On Fox Island, Kent met 65-year-old Lars Matt Olson, an Alaskan pioneer who offered the Kents a building his Angora goats used to inhabit. It needed work, but father and son moved in and made it livable. Finally, on Sept. 30, Kent writes, "I cut more wood and at last, after one month here on the island, I PAINTED. It was a stupid sketch, but no matter, I've begun!"

This before-he-was-famous Rockwell Kent is impressive. In a cold and remote area he made a home, cared for his son, painted, sketched and wrote a journal.

In the illustrated journal, Kent listed mundane details, such as what they brought to the island - food, building materials, kitchen utensils and "a heavy trunk containing books, paints, etc., one duffel bag, one suit case [sic], and a few other things." He also described his own Alaskan education. He writes that the locals seem "needlessly timid about the sea." But shortly he and his son, heading home from Seward, are rowing for their lives, caught on the waves and a wind that will not stop. When they finally get home, "that night in their bed Rockwell and his father put their arms tight about each other without telling why they did it."

It is that combination of strength and tenderness, the father and son facing the elements and then holding each other for (dear) life, that separates wilderness from an obvious comparison, Henry David Thoreau's Walden. Both men separated themselves from society and wrote about it. But Kent's effort is often a father's love story, describing his son's growth in a harsh, elemental world: "So Rockwell and I explored the woods, at first reverently treading one path that the snow about us might still lie undisturbed. But soon the cub in the boy broke out, and he rolled in the deepest thickets, shook the trees down upon himself, lay still in the snow for me to cover him completely "

When he returned to New York in 1919, Kent had a show of his Alaskan paintings. In 1920, coinciding with the second show of his paintings, wilderness was published to rave reviews (Kent was compared to Whitman!). The Alaskan paintings and Wilderness brought Rockwell Kent critical acclaim and financial security. For a time he lived in Vermont, and then at his AuSable Forks property, becoming our unofficial Adirondack artist in residence. Now we are grateful to view his work, including many of his northern landscapes, in the gallery named for him at SUNY Plattsburgh.

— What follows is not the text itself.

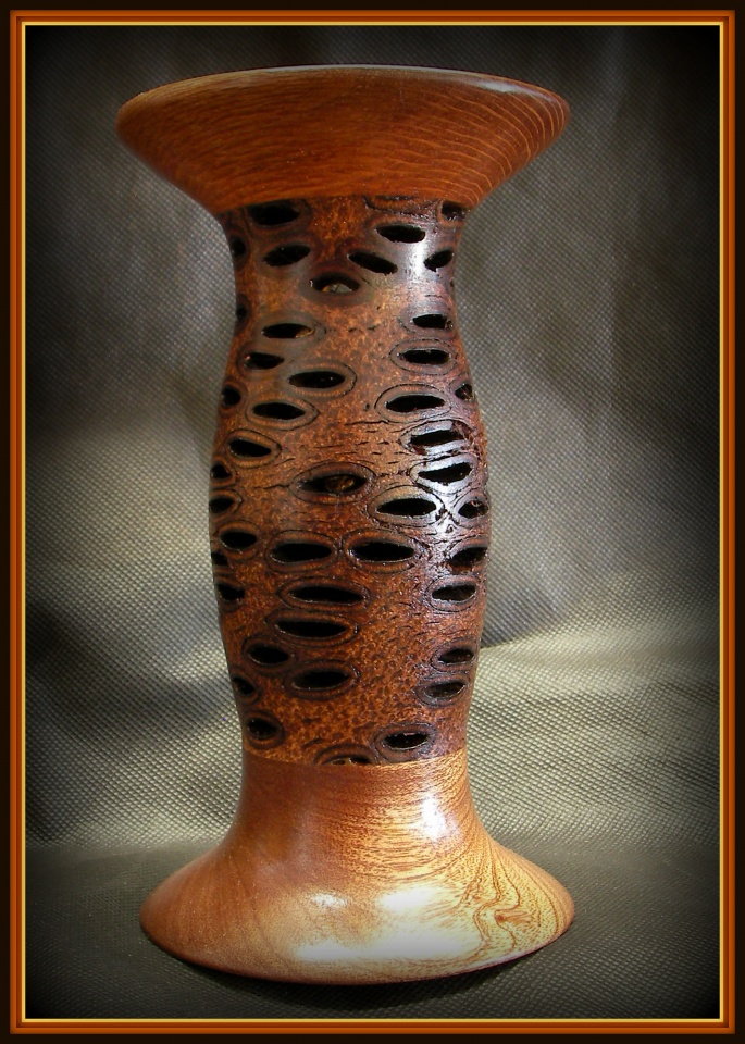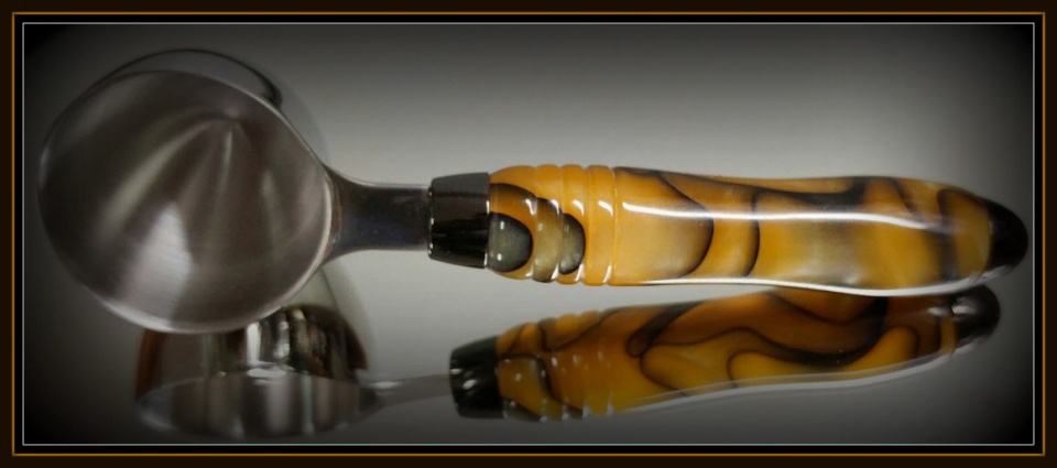 I decided to try my hand at something other than pens and finished a few diverse pieces. The first is a small vase made from a banksia seed pod with Sepele base and Lacewood top. The second is my first bowl made from Chinese Tallow. The third is a coffee scoop from an Exotic Blanks acrylic blank called Honey Trails.

There was, of course, often a political back story to Kent's art, as Doug Capra mentions in the foreword to "Wilderness." In 1953, Kent runs afoul of Senator Joseph McCarthy, who finds Kent's journal subversive. What the Senator found, or anyone could find, subversive in "Wilderness" remains a mystery.

Instead, readers will find a parent's insight, and an artist's eye. In a letter included in the book, Kent spoke of that time on Fox Island: " the days and nights, weeks and months alone with my son during which time I have learned to see his wonder-world and know his heart I have found wisdom, and this new wisdom must in some degree have won its way into my work."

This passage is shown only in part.